Sunday, March 15, 2009

Dylan on a Sunday


I was on a plane today reading about incommensurability. I know. I'm so lucky. At least I was sitting in first class. But the idea of incommensurability is related to paradigms in the thought of Thomas Kuhn. And the basic idea there is that its tough sometimes to find a middle term or set of terms that allows one realm of thought to be translated into another. It's a little like arguing who was the greatest basketball player of all time. The game has evolved in so many ways that you can't find a way to say with certainty whether Wilt Chamberlain was better than Shaquille O'Neal. There simply isn't a standard criteria. The realities are incommensurate.

I was sitting with a group of elders and ministers recently, and I despaired over our ability to find a common starting place of a discussion. Some in this church have experienced something of a paradigm shift which makes all their previous questions inconsequential. They simply cannot have a mediating conversation with their past, and those who represent that past.

It's like those pictures where you either see an ugly woman or a beautiful woman, but you can't see both at once. Same details, but a different way of viewing them.

So, I'm reading about all of this with my ipod going and the Dylan tune "Things Have Changed" comes on. The refrain is "I used to care, but things have changed." I know the feeling, things big and things small. Small: I used to follow the build up to March madness with a fevered passion. I may watch the final four, but I really don't care who is in today. Things have changed. And there are bigger things as well. The line that speaks to this for me in the song is "I've been trying to get as far away from myself as I can." I know that line. It reminds me of Paul Ricouer. But that's another post. Today, paradigm shifts and Dylan.

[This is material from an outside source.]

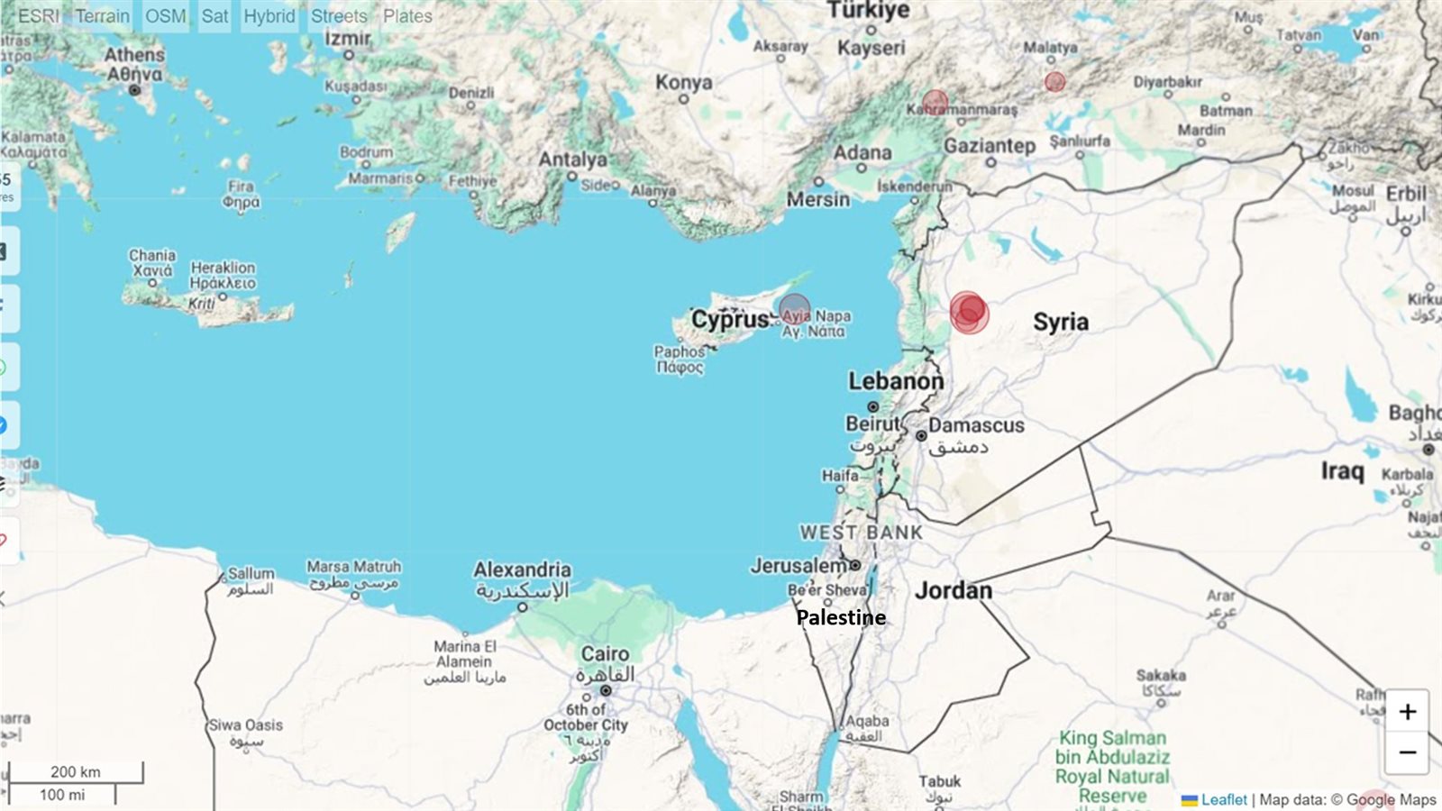 وبين المركز، في بيان له - بحسب وكالة الأنباء السورية سانا - أن الهزات تراوحت درجاتها بين 1.9 و2.7 على مقياس ريختر، ووقعت في أوقات مختلفة في مناطق شرق حماة بـ 22 كم و24 كم وشمال غرب اللاذقية بـ 30 كم وفي لواء إسكندرون غرب إدلب بـ 42 كم وشمال غرب إدلب بـ 67 كم.
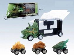 Otkrijte jedinstveni dinosaurovski kamion koji će oduševiti svako dijete kombinacijom svijeta dinosaura i automobila. Tegljač u obliku dinosaura privlači pažnju na prvi pogled, a priložena 3 autića na navijanje osiguravaju dinamičnu igru kod kuće i na putu.

Lot of water under the bridge, Lot of other stuff too
Don't get up gentlemen, I'm only passing through

People are crazy and times are strange
I'm locked in tight, I'm out of range
I used to care, but things have changed

I've been walking forty miles of bad road
If the bible is right, the world will explode
I've been trying to get as far away from myself as I can
Some things are too hot to touch
The human mind can only stand so much
You can't win with a losing hand

1 comment:

JF said...

Maybe the apostle Paul felt incommensurability in his Corinthian correspondence as he pursued a starting place for ministry and with the Galatian churches regarding the essence of gospel.
Your thought led me to think about some of the convesations of Jesus with Israel's leaders. The term "mediating conversation with the past" is stirring my imagination. It has me also thinking about how we live that story and Paul's reflection on ministry in 2 Cor. 5.